Retries can help reduce time spent recovering from failures. “Retrying” is especially useful when dealing with intermittent failures. Retries are used in conjugation with timeouts. We give a specific timeout and then we retry after the timeout.

Retries for Twilio calls

For retrying Twilio calls made via Twilio SDK, the INGHTTPClient is useful again. The client maintains a retry count per http call and will retry failed calls that match certain criteria.

We use resilience4j and other such libraries to configure retry logic. A naive representation of that logic is represented here

def execute(request: HttpUriRequest): Response = execute(request, 0)

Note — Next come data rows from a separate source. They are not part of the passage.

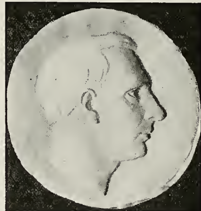
MEDALLIONS OF LLANO CITIZENS are shown on various pages of this issue. Those shown here are regarded as exceptionally good likenesses and would be creditable to any studio or to any artist.

Therefore it is highly essential that it be a natural or characteristic expression.
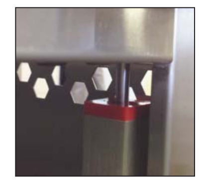
ULTRA-QUIET RACKS... with adjustable pin positions to accommodate a variety of tray sizes. Tray spacing fixed on standard 5.75" centers.
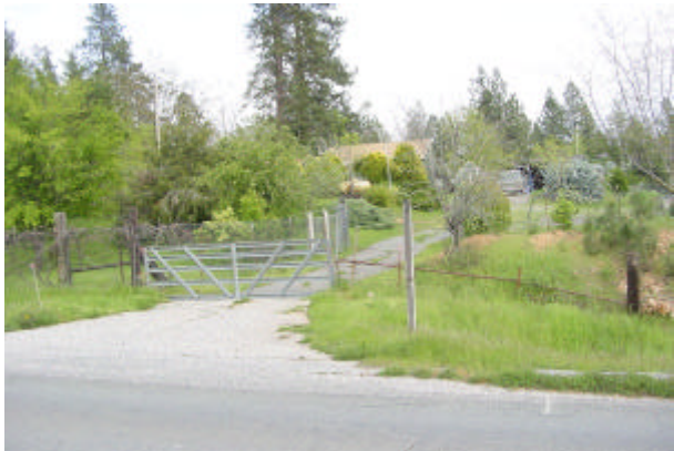
4 - Single family residence on eastern side of Canyon
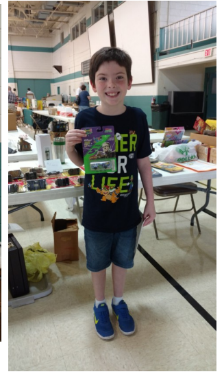
some of the Kids Club Scavenger Hunt winners
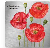
噴印彩色 (Color printing)
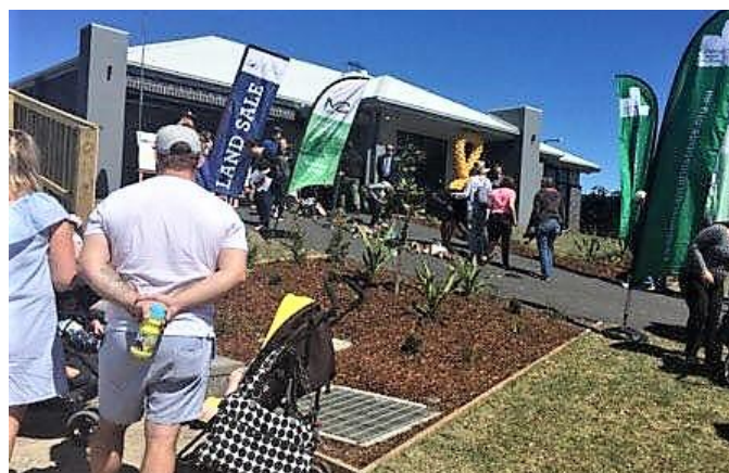
A lot of community interest in the finished house
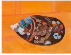
Title: St Ives (Mussel Series) Date: 1990 Medium: Gouache on Paper
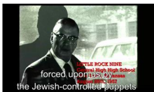
Figure 3. Taboo Language of Profanity Type in Sequence 2b
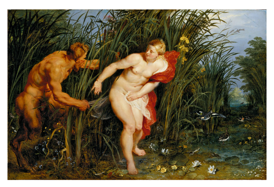
Fig. 22.5 Pan and Syrinx, Peter Paul Rubens and Jan Brueghel the Elder 1617 (Museumslandschaft Hessen Kassel, Gemäldegalerie Alte Meister, Germany)

The portrayal of the Syrinx motif in Western art reaches an acme in the paintings of Rubens, with one work in particular epitomising European painters' engagement with the "Pan and Syrinx" theme (Fig. 22.5). This painting is often referred to as the "Kassel picture", after the previous owner Landgrave Wilhelm VIII of Hessen-Kassel, founder of the Kassel Old Masters Gallery. The picture is what is referred to as a "cabinet painting" – only 40×60 cm in size but hugely impressive in its brushwork. It captures Pan in the moment when he believes that he is just about to get a firm grip on Syrinx. He is lunging forward on his strong goat's legs, his muscular body tensed for action. Although Rubens has positioned him in such a way that his head is seen

def execute(request: HttpUriRequest, retryCount: Int): Response = {
  executor.execute(request).recoverWith {
    case exception: Throwable =>
      if (canRetry(exception, retryCount)) {
        execute(request, retryCount + 1)
      }
      else throw exception
  }
}

Retries for API-API calls

If we take the example of Finagle again — By default, a “RequeueFilter” is configured in each client. This filter does retries but does them without any delays, which is not recommended. Backoff policies should be used to configure the behaviour of the filter. Finagle also provides several built-in policies for that purpose. In addition to backoff policies, retry budgets (number of retries) should also be configured when using a “RequeueFilter.”

This is how you can configure a “RequeueFilter” with a backoff policy and a “RetryBudget.”

client    
  .withRetryBackoff(Backoff.decorrelatedJittered(2.seconds, 32.seconds))    
  .withRetryBudget(RetryBudget(ttl = 5.seconds, minRetriesPerSec = 5, percentCanRetry = 0.1))

FALLBACKS

“Graceful degradation”

Like all other APIs built in this world, even our APIs will not work as expected sometimes. When there are faults inside our APIs or in those we depend upon, we select alternative mechanisms to respond with a degraded response instead of failing completely.

The selected alternative mechanism depends on the specific customer or employee journey. Let’s look at how CC 2.0 uses Twilio Functions for voice fallbacks.

Fallback to Twilio Functions

Callflow API is our voice channel orchestration API. A happy scenario for the API looks as follows

Incoming phone calls from customers to ING are sent from the PSTN network to Twilio, where the calls are handled by Twilio Programmable Voice.
Twilio Programmable Voice sends a request to the CC 2.0 Callflow API at ING to start a callflow for the incoming phone call.
The callflow has an automated voice dialog with the customer to collect information about the customer and the intent of the phone call.
The Callflow/Voice API creates a task in Twilio TaskRouter to route the customer to an ING employee, based on the information that was collected in the callflow.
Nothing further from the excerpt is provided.